** TASK DIRECTIONS **
Transcribe only the lines of the listing below from the one holding "9月1日上午,市政协委员活动" through the one holding "Generic - عصابة", inclusive, without any change.

** DATASET EXTRACT **

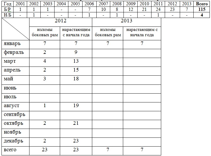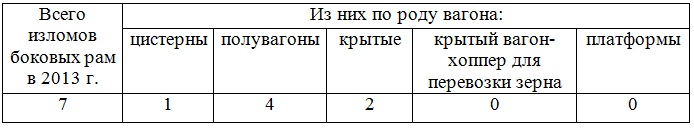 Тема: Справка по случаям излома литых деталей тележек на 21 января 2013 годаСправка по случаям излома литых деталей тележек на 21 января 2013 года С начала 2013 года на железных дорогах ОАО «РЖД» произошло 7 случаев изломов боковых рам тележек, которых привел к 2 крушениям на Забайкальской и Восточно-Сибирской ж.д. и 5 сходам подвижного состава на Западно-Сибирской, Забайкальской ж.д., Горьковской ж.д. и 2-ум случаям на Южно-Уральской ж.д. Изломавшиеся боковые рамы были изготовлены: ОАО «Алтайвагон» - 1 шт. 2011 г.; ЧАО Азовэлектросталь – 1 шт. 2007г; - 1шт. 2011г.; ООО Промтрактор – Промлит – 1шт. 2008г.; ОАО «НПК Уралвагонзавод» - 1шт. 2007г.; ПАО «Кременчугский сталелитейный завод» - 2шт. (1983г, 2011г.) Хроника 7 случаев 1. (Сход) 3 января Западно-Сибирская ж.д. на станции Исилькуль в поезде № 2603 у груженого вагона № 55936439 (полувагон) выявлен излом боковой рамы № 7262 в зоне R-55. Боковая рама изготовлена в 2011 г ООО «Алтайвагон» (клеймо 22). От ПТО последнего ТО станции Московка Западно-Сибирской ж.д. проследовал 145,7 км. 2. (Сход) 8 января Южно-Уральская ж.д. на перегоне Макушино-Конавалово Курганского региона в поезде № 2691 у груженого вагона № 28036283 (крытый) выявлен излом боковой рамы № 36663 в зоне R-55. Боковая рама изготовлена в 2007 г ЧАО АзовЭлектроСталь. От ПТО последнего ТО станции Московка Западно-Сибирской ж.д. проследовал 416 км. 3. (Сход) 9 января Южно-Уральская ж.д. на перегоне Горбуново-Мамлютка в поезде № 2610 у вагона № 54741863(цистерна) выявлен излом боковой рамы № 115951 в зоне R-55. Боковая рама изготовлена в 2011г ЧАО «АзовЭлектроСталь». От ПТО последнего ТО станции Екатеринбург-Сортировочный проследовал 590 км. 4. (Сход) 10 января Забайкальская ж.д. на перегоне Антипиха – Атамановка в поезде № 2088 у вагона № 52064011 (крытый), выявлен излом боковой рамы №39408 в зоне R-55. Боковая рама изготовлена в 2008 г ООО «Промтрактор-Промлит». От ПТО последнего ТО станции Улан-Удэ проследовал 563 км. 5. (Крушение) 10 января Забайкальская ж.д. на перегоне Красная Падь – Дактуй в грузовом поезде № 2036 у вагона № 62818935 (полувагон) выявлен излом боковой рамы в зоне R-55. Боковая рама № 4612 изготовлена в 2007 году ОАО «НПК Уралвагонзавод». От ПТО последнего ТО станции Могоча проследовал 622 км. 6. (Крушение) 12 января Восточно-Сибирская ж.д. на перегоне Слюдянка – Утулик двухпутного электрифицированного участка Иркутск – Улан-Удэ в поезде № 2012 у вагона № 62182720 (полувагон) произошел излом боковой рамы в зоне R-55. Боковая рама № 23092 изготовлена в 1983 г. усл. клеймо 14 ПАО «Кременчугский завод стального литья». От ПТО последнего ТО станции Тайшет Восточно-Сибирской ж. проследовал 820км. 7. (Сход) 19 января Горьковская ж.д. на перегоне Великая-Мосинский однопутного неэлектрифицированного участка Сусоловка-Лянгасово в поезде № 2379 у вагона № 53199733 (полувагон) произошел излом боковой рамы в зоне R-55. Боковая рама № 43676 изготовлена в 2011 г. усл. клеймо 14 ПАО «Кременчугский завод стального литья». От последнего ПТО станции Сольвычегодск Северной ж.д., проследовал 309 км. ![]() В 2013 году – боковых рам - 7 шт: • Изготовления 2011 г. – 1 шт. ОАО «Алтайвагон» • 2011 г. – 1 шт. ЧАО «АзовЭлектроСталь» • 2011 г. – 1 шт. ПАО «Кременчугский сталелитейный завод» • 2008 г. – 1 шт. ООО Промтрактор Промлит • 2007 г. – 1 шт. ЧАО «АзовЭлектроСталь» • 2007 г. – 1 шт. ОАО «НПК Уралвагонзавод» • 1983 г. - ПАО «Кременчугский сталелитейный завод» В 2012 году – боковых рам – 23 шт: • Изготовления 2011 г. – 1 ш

==

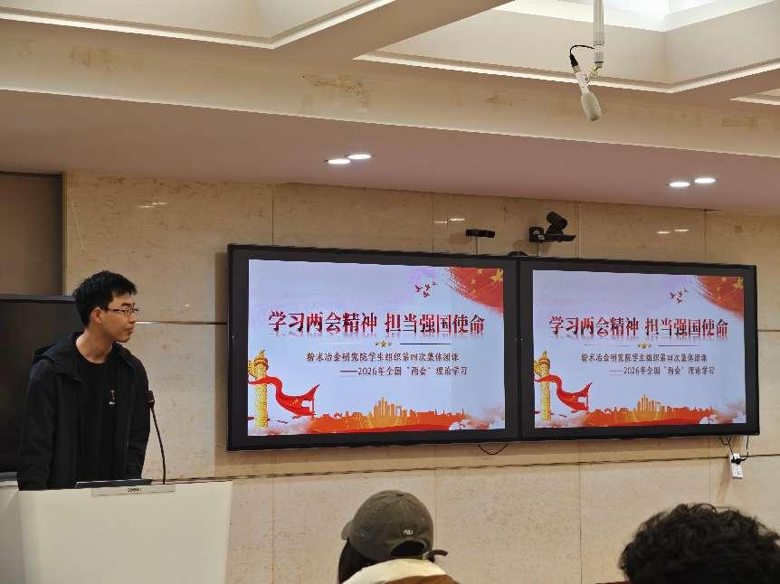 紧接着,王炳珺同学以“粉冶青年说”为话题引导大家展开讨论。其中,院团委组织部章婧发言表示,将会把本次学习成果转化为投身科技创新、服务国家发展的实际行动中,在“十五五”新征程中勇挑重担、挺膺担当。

--

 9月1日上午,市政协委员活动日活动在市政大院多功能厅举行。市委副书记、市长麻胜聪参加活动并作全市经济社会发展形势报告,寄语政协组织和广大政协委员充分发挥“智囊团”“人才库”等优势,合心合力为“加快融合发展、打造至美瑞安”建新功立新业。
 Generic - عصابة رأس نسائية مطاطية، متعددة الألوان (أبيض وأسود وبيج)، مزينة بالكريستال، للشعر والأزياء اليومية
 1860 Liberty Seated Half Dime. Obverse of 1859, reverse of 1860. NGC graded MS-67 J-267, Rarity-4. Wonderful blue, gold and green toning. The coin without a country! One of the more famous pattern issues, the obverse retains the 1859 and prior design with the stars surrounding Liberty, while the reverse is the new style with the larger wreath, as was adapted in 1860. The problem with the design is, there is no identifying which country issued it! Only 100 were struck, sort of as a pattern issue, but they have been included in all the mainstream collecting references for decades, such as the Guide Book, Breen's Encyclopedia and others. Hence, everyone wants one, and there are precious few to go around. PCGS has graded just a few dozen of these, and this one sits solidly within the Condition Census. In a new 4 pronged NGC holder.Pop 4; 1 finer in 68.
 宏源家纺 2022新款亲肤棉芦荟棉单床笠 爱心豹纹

** SOLUTION FOR THIS EXERCISE **
 9月1日上午,市政协委员活动日活动在市政大院多功能厅举行。市委副书记、市长麻胜聪参加活动并作全市经济社会发展形势报告,寄语政协组织和广大政协委员充分发挥“智囊团”“人才库”等优势,合心合力为“加快融合发展、打造至美瑞安”建新功立新业。
 Generic - عصابة رأس نسائية مطاطية، متعددة الألوان (أبيض وأسود وبيج)، مزينة بالكريستال، للشعر والأزياء اليومية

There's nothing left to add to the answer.